§ **EXERCISE GOAL**: Omit the pictures and return exactly the stretch of the material below from the line with "Défilé et prise" through the line with "einer Aufbewahrungstrommel |".

§ **DATA TO EXAMINE**:
....
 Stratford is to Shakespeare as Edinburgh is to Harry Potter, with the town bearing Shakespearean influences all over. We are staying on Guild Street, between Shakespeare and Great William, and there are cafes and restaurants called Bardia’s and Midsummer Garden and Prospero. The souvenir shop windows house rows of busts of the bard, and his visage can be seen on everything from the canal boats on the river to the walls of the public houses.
....
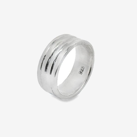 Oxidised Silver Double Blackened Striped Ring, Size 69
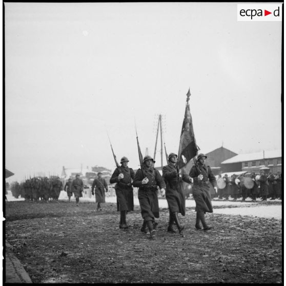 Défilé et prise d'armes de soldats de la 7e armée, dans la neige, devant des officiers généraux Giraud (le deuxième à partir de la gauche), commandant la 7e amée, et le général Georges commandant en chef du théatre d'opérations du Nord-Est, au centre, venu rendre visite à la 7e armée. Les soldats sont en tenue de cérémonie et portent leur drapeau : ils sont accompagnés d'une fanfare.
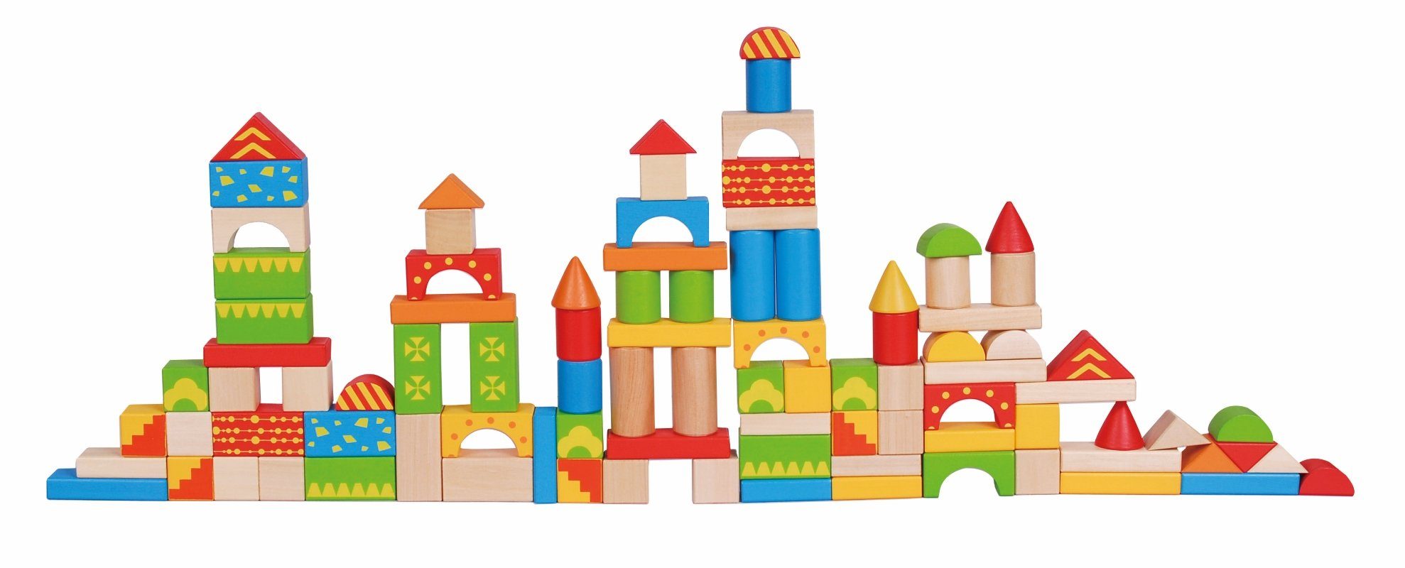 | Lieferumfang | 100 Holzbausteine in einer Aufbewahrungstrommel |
....
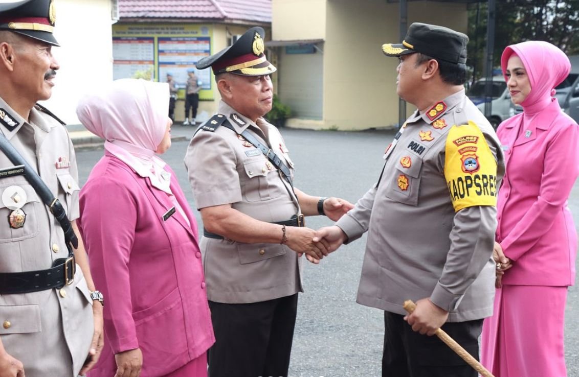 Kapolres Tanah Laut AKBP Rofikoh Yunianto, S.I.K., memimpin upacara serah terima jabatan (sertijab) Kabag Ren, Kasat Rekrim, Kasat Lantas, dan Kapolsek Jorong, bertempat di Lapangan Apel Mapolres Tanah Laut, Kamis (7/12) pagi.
....
§ **EXPECTED OUTPUT**:
 Défilé et prise d'armes de soldats de la 7e armée, dans la neige, devant des officiers généraux Giraud (le deuxième à partir de la gauche), commandant la 7e amée, et le général Georges commandant en chef du théatre d'opérations du Nord-Est, au centre, venu rendre visite à la 7e armée. Les soldats sont en tenue de cérémonie et portent leur drapeau : ils sont accompagnés d'une fanfare.
 | Lieferumfang | 100 Holzbausteine in einer Aufbewahrungstrommel |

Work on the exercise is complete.